À partir de la rentrée 2023, les élèves de CM1 passeront aussi des évaluations nationales en français et en mathématiques pour donner des repères aux enseignants, annonce le ministère de l'Éducation nationale dans un communiqué. Et des recommandations pédagogiques seront adressées dès janvier aux enseignants de CM1 et CM2 concernant la pratique régulière de la dictée, la pratique quotidienne de la rédaction ou la régularité du calcul mental.
Une concertation sera en outre engagée dans les prochaines semaines pour le collège avec l'ensemble de la communauté éducative sur l'évolution des classes de 5e, de 4e et de 3e. Elle pourra "porter sur les modalités d'évaluation". "Le diplôme national du brevet sera révisé s'il le faut".
Pap Ndiaye a aussi lancé le chantier de la mixité sociale au collège
Les établissements privés seront aussi concernés par les mesures dévoilées avant la fin du mois de janvier. Ils devront contribuer à l'effort de mixité sociale. "Une priorité" pour Pap Ndiaye. Pour l'heure, le ministère de l'Éducation se refuse à tout commentaire. Mais il part d'un constat : les collèges privées accueillent beaucoup plus d'élèves issus de milieux favorisés.
Selon une récente étude de la Direction de l'évaluation de la prospective et de la performance (Depp), le service statistique du ministère, quatre collégiens du privé sur dix sont issus d'un milieu social très favorisé. Deux fois plus que dans le public. À l'inverse, les collèges privés sous contrat accueillent deux fois moins d'élèves défavorisés que les établissements publics. Cet écart public/privé ne fait que s'agrandir depuis trente ans. Surtout dans les grandes villes qui concentrent beaucoup d'établissements. Les parents ont davantage le choix et les familles favorisées optent plutôt pour le privé pour leurs enfants.

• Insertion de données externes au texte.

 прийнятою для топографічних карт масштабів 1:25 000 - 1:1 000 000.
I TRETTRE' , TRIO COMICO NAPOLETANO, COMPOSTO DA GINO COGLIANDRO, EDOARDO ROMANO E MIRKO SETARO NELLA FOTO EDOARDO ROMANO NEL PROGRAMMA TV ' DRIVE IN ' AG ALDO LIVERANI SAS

Que peut faire le ministère de l'Éducation pour pour pousser les établissements privés à accepter davantage d'élèves issus de milieux défavorisés ? Pap Ndiaye a évoqué mercredi 4 janvier des pourcentages de boursiers, mais le principe de quotas pourrait contrevenir au droit français. Il consacre la liberté des familles de choisir l'enseignement pour leurs enfants, entre public et privé. Mais en même temps, l'enseignement privé sous contrat est largement subventionné. Les trois-quarts de son budget viennent de l'État et des collectivités locales. Cela peut être un levier pour l'État : verser moins de subventions aux établissements manquant de mixité sociale, et plus à ceux qui font des efforts.

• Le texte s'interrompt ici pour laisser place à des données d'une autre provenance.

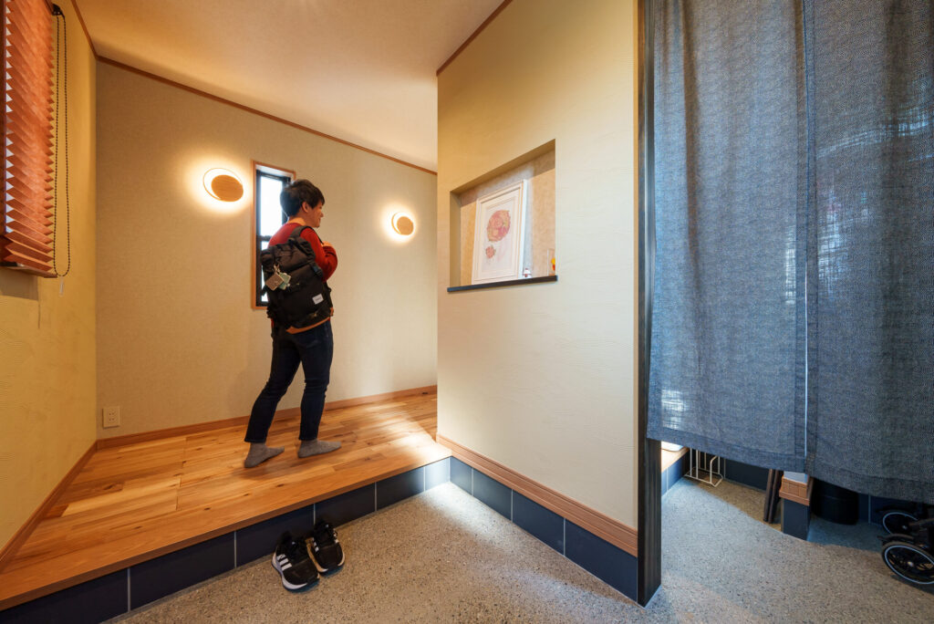 「普段は単身赴任なので週末家に帰るのが楽しみになりました!」と語る旦那様。帰宅して玄関を開けるとやさしい壁色の空間と木の香りで「あぁ、帰ってきた」とほっとするそうです。
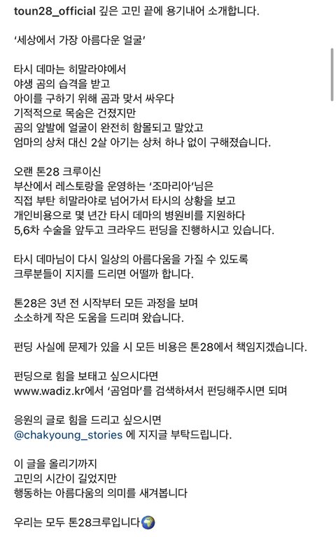 내용은 이렇다는데 이분 수술을 개인이 후원하면서
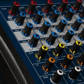 A mesa tem saída L/R para caixa de som, saída para fone, aux send e return. O controle dos 16 efeitos DSP é feito através de seletor de efeitos, equalizador gráfico e fader de volume específico.
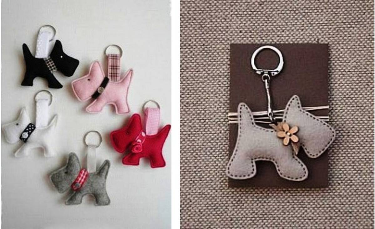 - Если вы хотите сделать из собачки елочную игрушку или брелок, не забудьте продеть в центральную часть головы петельку или пришить кольцо для ключей на ленточке.

Contacté par franceinfo, le secrétaire général de l'enseignement catholique n'est pas contre. Mais selon lui, la baisse des subventions, si cette mesure est retenue, doit être limitée. Sans cela, les établissements les plus privilégiés devront, selon lui, augmenter leurs frais d'inscription pour garder un budget à l'équilibre. De quoi écarter encore plus d'élèves issus de milieux modestes.